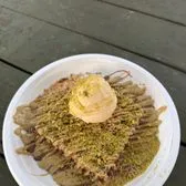 Milk chocolate drizzle topped off with Kunafa, pistachio sauce and a scoop of vanilla ice cream for the perfect balance.
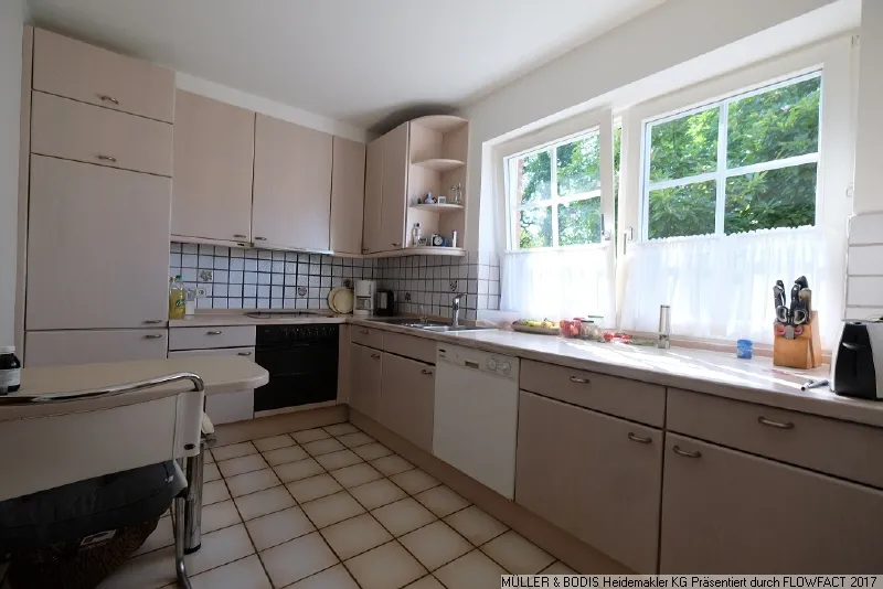 Die geräumige Küche verfügt über einen direkten Zugang in den Wohn-Essbereich. Sie ist mit einer hellen Marken-Einbauküche (Bulthaupt aus Baujahr) mit allen elektrischen Geräten ausgestattet und ist in einem sehr gepflegten Zustand.
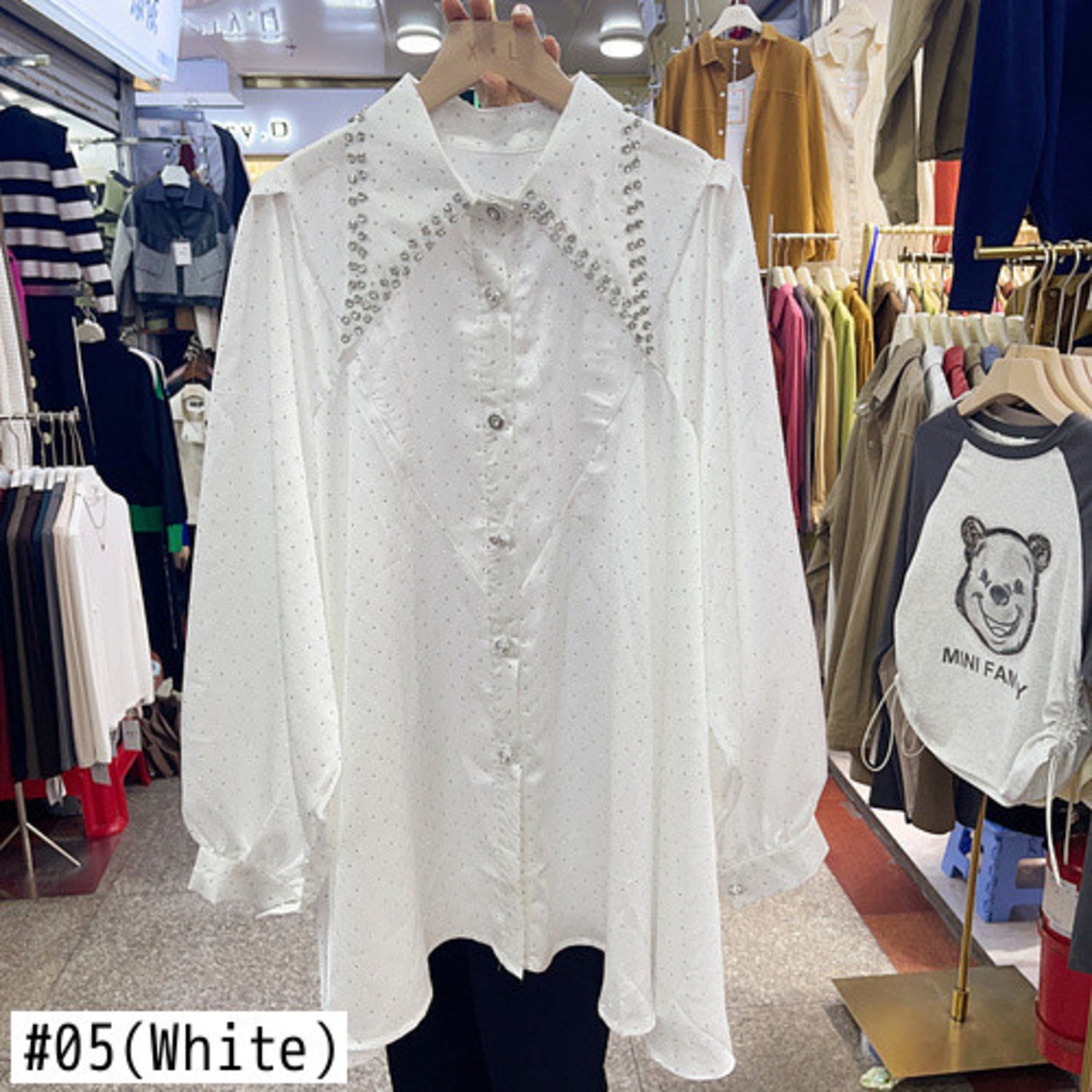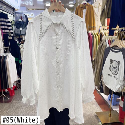 Nomikuma ビーズブラウスシックダイヤモンドビーズターンダウンカラー秋ミディアムロングシャツカミーサ オータム 秋物
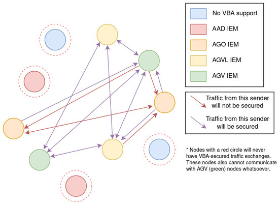 A mixed local network is shown where a single valid Link Voucher is delegated to VBA-capable neighbors. Neighbors without VBA capabilities are shown in blue, and VBA-aware neighbors are shown in red, orange, yellow, and green for the IEMs AAD, AGO, AGVL, and AGV, respectively. Different links are shown between some hosts to indicate their connectivity and security within this transitioning network. Inbound traffic to verifying nodes is generally considered secure.
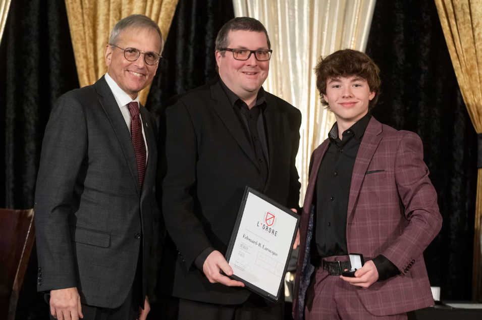 Édouard-B. Larocque, le jeune acteur de 14 ans qui tient le rôle de Georges dans la série À propos d’Antoine aux côtés de Claude Legault a été nommé Membre de l’Ordre de Drummondville, mardi soir.
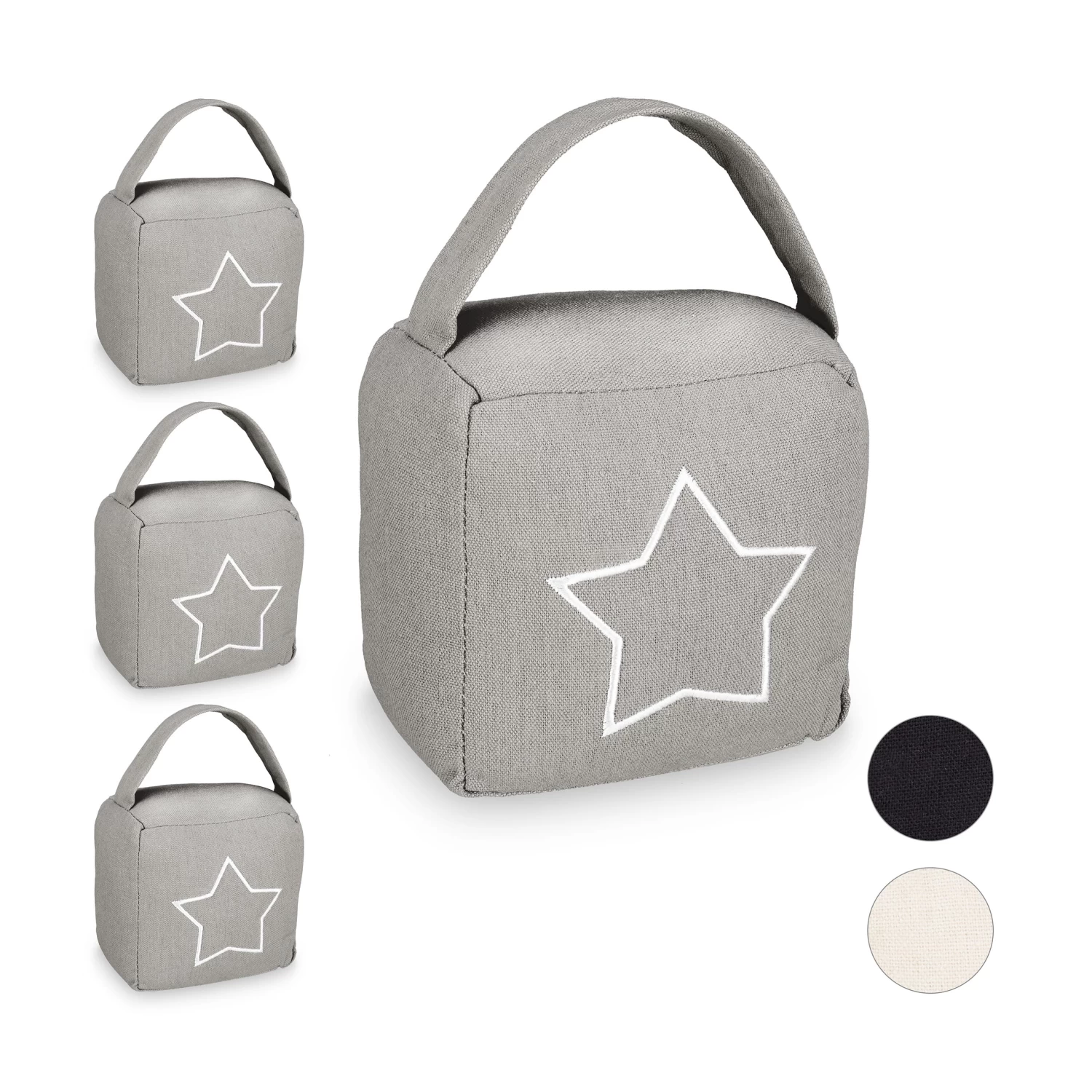 Der quadratische Türstopper aus Stoff überzeugt durch sein modernes Design mit einem dekorativen Stern auf der Vorderseite. Der Türpuffer muss nicht am Boden oder der Wand befestigt werden und kann durch den praktischen Griff einfach angehoben und jederzeit flexibel neu platziert werden.

● ● ● ●

#### WORK ORDER
In your answer, print the entries above exactly, with the pictures left out.

#### ANSWER TO THE PROBLEM
 Milk chocolate drizzle topped off with Kunafa, pistachio sauce and a scoop of vanilla ice cream for the perfect balance.
 Die geräumige Küche verfügt über einen direkten Zugang in den Wohn-Essbereich. Sie ist mit einer hellen Marken-Einbauküche (Bulthaupt aus Baujahr) mit allen elektrischen Geräten ausgestattet und ist in einem sehr gepflegten Zustand.
 Nomikuma ビーズブラウスシックダイヤモンドビーズターンダウンカラー秋ミディアムロングシャツカミーサ オータム 秋物
 A mixed local network is shown where a single valid Link Voucher is delegated to VBA-capable neighbors. Neighbors without VBA capabilities are shown in blue, and VBA-aware neighbors are shown in red, orange, yellow, and green for the IEMs AAD, AGO, AGVL, and AGV, respectively. Different links are shown between some hosts to indicate their connectivity and security within this transitioning network. Inbound traffic to verifying nodes is generally considered secure.
 Édouard-B. Larocque, le jeune acteur de 14 ans qui tient le rôle de Georges dans la série À propos d’Antoine aux côtés de Claude Legault a été nommé Membre de l’Ordre de Drummondville, mardi soir.
 Der quadratische Türstopper aus Stoff überzeugt durch sein modernes Design mit einem dekorativen Stern auf der Vorderseite. Der Türpuffer muss nicht am Boden oder der Wand befestigt werden und kann durch den praktischen Griff einfach angehoben und jederzeit flexibel neu platziert werden.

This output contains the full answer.